Her film Intezaar (2022) is out now in Pakistani Cinemas nationwide.

TV series
Ain was a series made up of stories which explore all the various relationships that we go through in life; be they with people, with a special place, with God and religion or those of the spiritual kind. Picking up on a different ‘connection’ every week, the series will follow all sorts of relationships as they grow and transform. It could be a conflict between father and son; the ever-changing relationship between a husband and wife; the dynamics of sibling rivalry in a brother/sister relationship; the relationship between a character’s past, present and future or how a man’s love for God can reach extreme fanaticism. The series looks at the nature of human relationships from many different perspectives. And makes us realize that whatever the connection, no matter how deep or superficial, it will always leave an impact on our lives and inevitably make us who we are.

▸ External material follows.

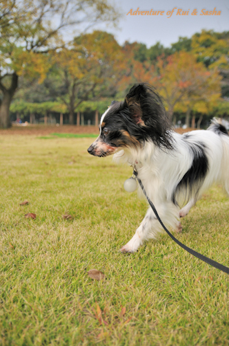 ふと見ると、ルイのおちりに落ち葉がくっ付いてました!

In Talkhiyan the opening theme "Mujh se ab meri mohabbat ke fasaaney na kaho", was based on a Sahir Ludhianvi's poem and serial itself was named after Sahir Ludhianavi's Book, Talkhiyan. Bee Gul won a LUX Style Award (2019) for Best TV Writer for Dar Si Jaati Hai Sila, a play that tackled the topic of sexual predators in normal households.

Telefilms
Bee Gul's first script Kaun Qamar Aara was a television film that aired on Hum TV's 2nd telefilms festival, centers on the issues of undivided India and brings to life a tale of a husband and wife during this time. This one-hour short story featured Pakistani actor Shakeel and Faiza Hassan. Kaun Qamar Ara was the only film that was nominated in every category at 2nd Hum Telefilm Awards.
Gul received Best Telefilm Writer Award for Kaun Qamar Ara.

Filmography

As screenwriter

Television

Plays
 Naql-e-Makani, Badshahat Ka Khatima (A theatrical rendition of a short story by Manto and a play written by Rajinder Singh Bedi, both presented at NAPA auditorium. Dir. by Khalid Ahmed, 2013)  
 Bedroom Conversations (2019), presented at NAPA auditorium. Dir. by Khalid Ahmed, 2019.
 Kal Agar Main Marjaoun, Vasl productions. Dir. by Khalid Ahmed, 2021.

Accolades

See also

 List of Pakistani writers
 List of Urdu language writers

References

Pakistani screenwriters
Living people
Writers from Lahore
Pakistani dramatists and playwrights
Pakistani television writers
Year of birth missing (living people)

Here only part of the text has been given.